Not that I have anything against homemade PV modules,
https://www.instructables.com/id/How-to-MAKE-PV-Solar-Panels/
but  if  you are going to do things that way, then I think the trick is to make your homemade module so that, electrically, it is similar to the module the charge controller was expecting.  And what it's expecting is an I-V characteristic similar to the one in the attached picture.

Well, similar to the picture, but with the current scaled to your charge controller, i.e. max current less than 3 amperes.

Anyway, that's why yesterday I was suggesting a stack of like 5 or 6 of your cells, an arrangement to give an open-circuit-voltage of around 20 volts, the same as you'd get from a standard 12 volt PV module.
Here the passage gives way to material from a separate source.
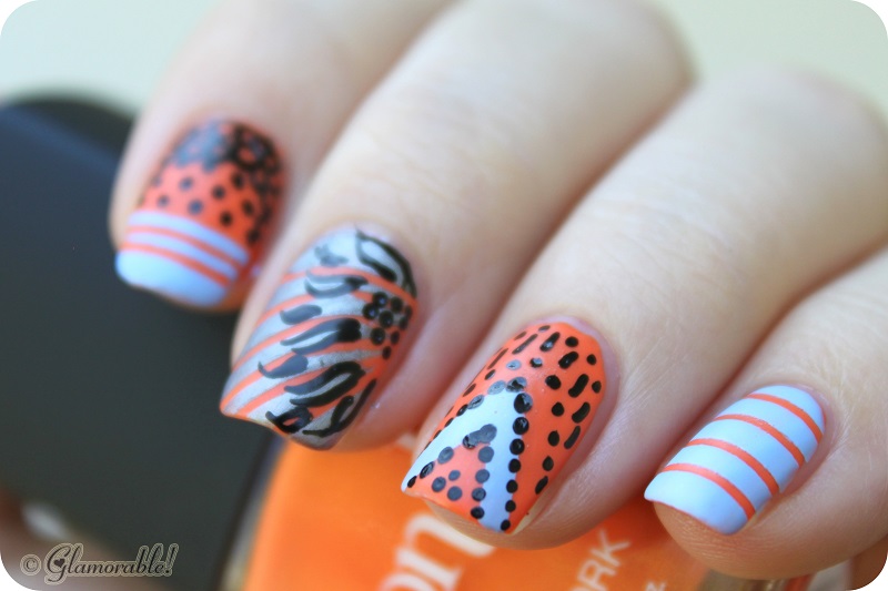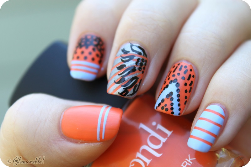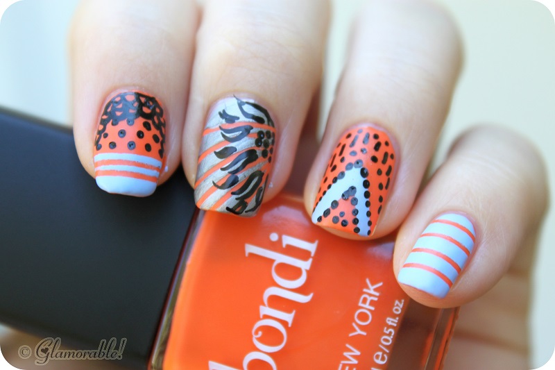 #TGIF At first I thought about drawing some oranges on my nails just to be funny, and then I realized that a lot of people will be doing the same thing. So what I ended up with is basically some matte madness featuring random stripes, dots and flowers all on top of this gorgeous orange base color – Chasing the Sun by Bondi.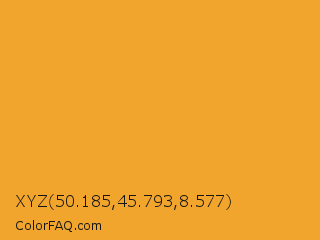 XYZ 50.185,45.793,8.577 Color is a normal orange color and the nearest color is Fuel Yellow #eca927. Hex code #f1a52c and RGB value is rgb(241,165,44). In RGB color space, this color is composed of 95% red, 65% green, 17% blue, In CMYK color space, this color is composed of 0% cyan, 32% magenta, 82% yellow , 5% black , In HSL color space, this color has a hue angle of 37° , 88% saturation and 56% lightness.

Hope that's not too confusing.

Also,I know I said I didn't have anything against building your own modules, but... the only reservation I have is that building modules is tedious, hard work.   Anyway I said there really was such a thing as a standard PV module, so I should probably point to some examples of those.
Arizona Wind and Sun - Modules from 1 to 100W
http://www.solar-electric.com/1to39wasopa.html
Similar Modules at the Alt-E
http://www.altestore.com/store/Solar-Panels/c541/page/1/sort/4a/
Also the link from where I borrowed that I-V curve:
http://www.altestore.com/howto/Solar-Electric-Power/Design-Components/Electrical-Characteristics-of-Solar-Panels-PV-Modules/a87/

Jack A Lopez6 years ago
If you can find some documentation for that charge controller, therein might be answers to what kind of solar PV module it is expecting to power it.  It might not have come with any documents since you bought it surplus, but there may be some markings on it which reveal who made it, and clues to where you can find more info about it.